## Recorded data
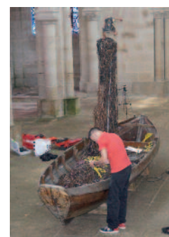
En bas : Les opérateurs du FRAC installent la sculpture de Sarkis au centre de la nef de l'église Saint-Joseph.

Sarkis, de son vrai nom Zabunyan, est né à Istanbul (Turquie). L'œuvre du sculpteur présentée à Pontivy fait partie de la collection du Musée des Beaux-Arts de Nantes. Il s'agit d'un bateau de 7 m de long qui va occuper la nef de l'église. L'ensemble est composé d'une barque hollandaise de la fin du XIX ème siècle, de lettres de néon en cristal posées à l'intérieur de la coque formant le mot « Kriegsschat » (en allemand trésor de guerre) et d'une sculpture japonaise en bois polychrome placée en haut d'une échelle de fer située au milieu du navire.
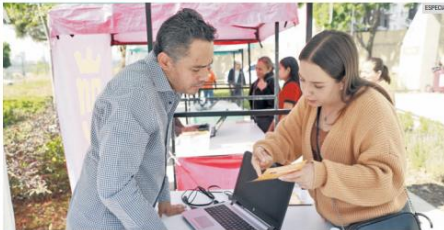
TECNOLOGÍA AL ALCANCE. El Gobierno de Zapopan pretende que todos los estudiantes, freelancers y emprendedores cuenten con herramientas tecnológicas como laptops y los apoyará con la mitad de su costo.

También es necesario contar con un estado de cuenta bancario o constancia de ingresos reciente, pues el beneficiario tendrá un

## Problem statement
Return the complete data unchanged and include none of the pictures.

## Written answer
En bas : Les opérateurs du FRAC installent la sculpture de Sarkis au centre de la nef de l'église Saint-Joseph.

Sarkis, de son vrai nom Zabunyan, est né à Istanbul (Turquie). L'œuvre du sculpteur présentée à Pontivy fait partie de la collection du Musée des Beaux-Arts de Nantes. Il s'agit d'un bateau de 7 m de long qui va occuper la nef de l'église. L'ensemble est composé d'une barque hollandaise de la fin du XIX ème siècle, de lettres de néon en cristal posées à l'intérieur de la coque formant le mot « Kriegsschat » (en allemand trésor de guerre) et d'une sculpture japonaise en bois polychrome placée en haut d'une échelle de fer située au milieu du navire.
TECNOLOGÍA AL ALCANCE. El Gobierno de Zapopan pretende que todos los estudiantes, freelancers y emprendedores cuenten con herramientas tecnológicas como laptops y los apoyará con la mitad de su costo.

También es necesario contar con un estado de cuenta bancario o constancia de ingresos reciente, pues el beneficiario tendrá un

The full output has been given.